AK: When you use mixed media video, film, Steenbeck, media 100 AVID…. Instead of the actual process it shifts to a mentality.

PH: Let me ask you. You started shooting film and fell in love with it. So tell me why.

AK: It smells, it’s the very basic things. The way you like food or sex, it’s the same thing. Like sweating over the dark bag. Dealing with film macaroni when you open the magazine lid, the reward of capturing moments.

PH: (laughs) Yeah it’s good. We make a trade off. We get this wonderful memory machine, the computer. We use it. But we don’t give up the hand made philosophy and the hand made techniques you know.

AK: What you are doing, mixed media, is very important. Is this unavoidable in the future? Is this the path your work is going to take? Somehow it makes our life easy, you’re sitting in front of a computer now. You can’t go back?

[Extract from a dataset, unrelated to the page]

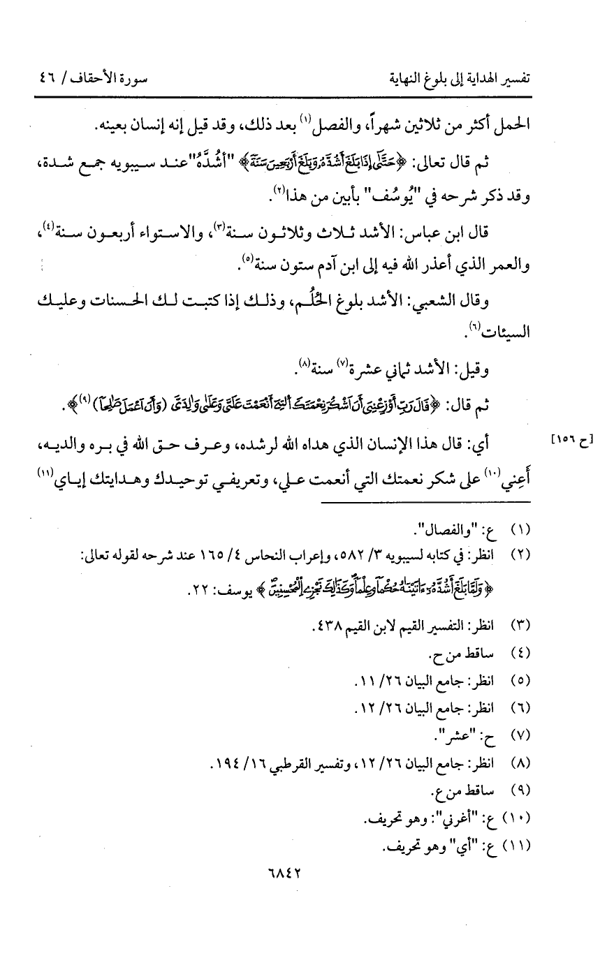 ثم قال تعالى: {حتى إِذَا بَلَغَ أَشُدَّهُ وَبَلَغَ أَرْبَعِينَ سَنَةً} " أشُدَّهُ " عند سيبويه جمع شدة، وقد ذكر شرحه في " يُوسُف " بأبين من هذا.

PH: You hate it and you love it. I hate it and I love it. I think it’s a matter of how to make it palatable. You have to say ‘enough is enough.’ It’s like too much sugar. It’s seductive. It’s become this octopus with arms all around you, this open access. I get hundreds of e-mails a week from students, admin, strangers, filmmakers…. It’s all wide open. I think in the next five years I will be working out how to deal with this incredible communication overload. Everybody needs to do that or else there’s going to be a lot of sick people around.

AK: Is it why there is so much interest in the projects like film farm?

PH: First off it’s a retreat… you have people staying together, talking to each other about film & ideas… for a full week… quite intense… we create a very powerful energy.

AK: Don’t they come to the farm to learn hand made?

PH: Yeah, but they could do it in LIFT (Liaison of Independent Filmmakers of Toronto) workshops as well. I think it’s something else… a few years after the film farm began, some guys from a television station asked if they could come and follow the workshop for the week, for some kind of cable broadcast… and I said no because the taping process …the crew and all that… would create a rupture in the space we try to make… the workshop would become something else so I try to protect this little thing that’s kind of grown, but is still pretty small and intimate… the problem that we get into at film schools is that everything needs to be big… We need the newest technology so we need more money….so we need more students… so we get government cuts… and we can’t run this big thing that’s been created. It gets out of control. So we started the Film Farm, tore away some of that film school infrastructure so we could get back to the things we like about working in this art form The film farm is democratic… here, Karyn Sandlos and Deirdre Logue do the tinting and toning cooking show.

AK: Do they call it that?

PH: That’s what I call it.

AK: How did you start making hand made films?

PH: It came out of photography. I had a dark room.

AK: So you were already close to the chemistry.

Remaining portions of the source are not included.